++++ SUPPLIED DATA ++++

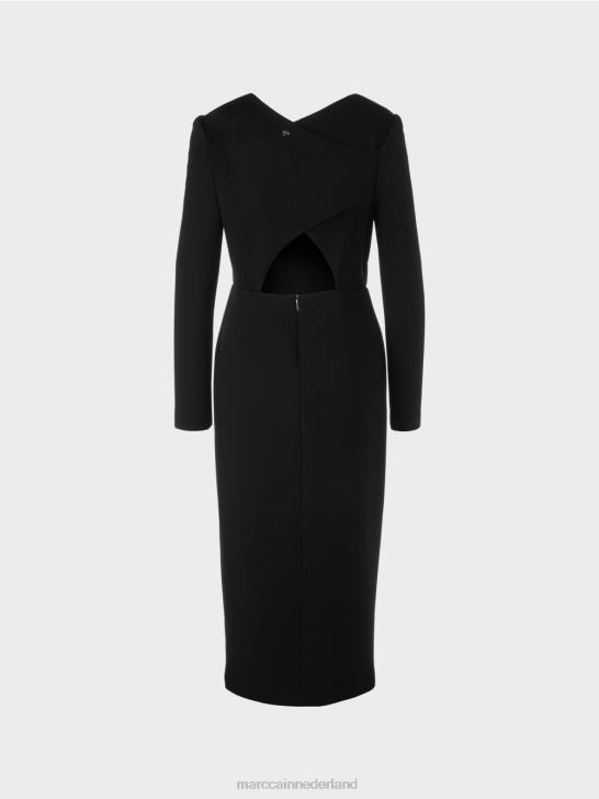 elegante jurk in nauwsluitend silhouet gemaakt van rekbaar materiaal. de eyecatcher van deze jurk is de open rug met een verfijnde cross-over snit. het voorste gedeelte is voorzien van een v-hals. de mouwen zijn licht gegolfd aan de inzet en lopen taps toe. dankzij de ritssluiting in de achterrok is de jurk gemakkelijk aan en uit te trekken.
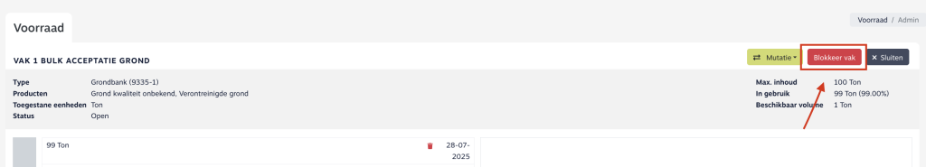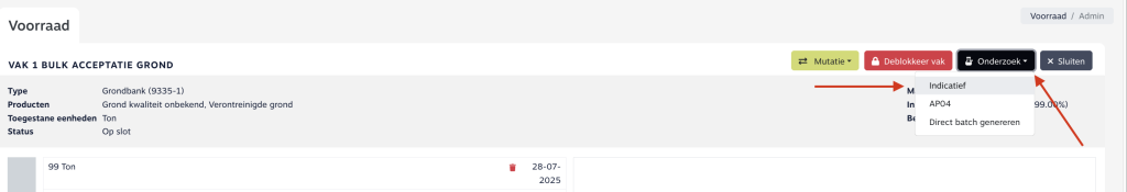 Zodra het bulkvak vol zit, of evt. al op een eerder gewenst moment kan een indicatieve keuring worden uitgevoerd. Als het vak vol zit blokkeert het vak automatisch. Wilt u dit eerder doen, kies dan voor de blokkeer knop.
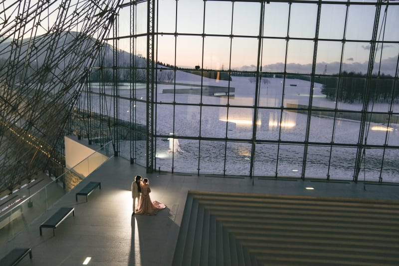 ガラスのピラミッドや白樺の並木道での撮影は四季を通して大人気✨️
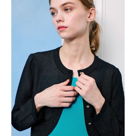 ラメ糸とビジュー釦が華やかなニットボレロ。

++++

TASK:
Reproduce exactly, and only, the lines that begin at the one containing "Zodra het bulkvak" and end with the final line of the data, both included, while omitting every picture.

RESULT OF THE TASK:
 Zodra het bulkvak vol zit, of evt. al op een eerder gewenst moment kan een indicatieve keuring worden uitgevoerd. Als het vak vol zit blokkeert het vak automatisch. Wilt u dit eerder doen, kies dan voor de blokkeer knop.
 ガラスのピラミッドや白樺の並木道での撮影は四季を通して大人気✨️
 ラメ糸とビジュー釦が華やかなニットボレロ。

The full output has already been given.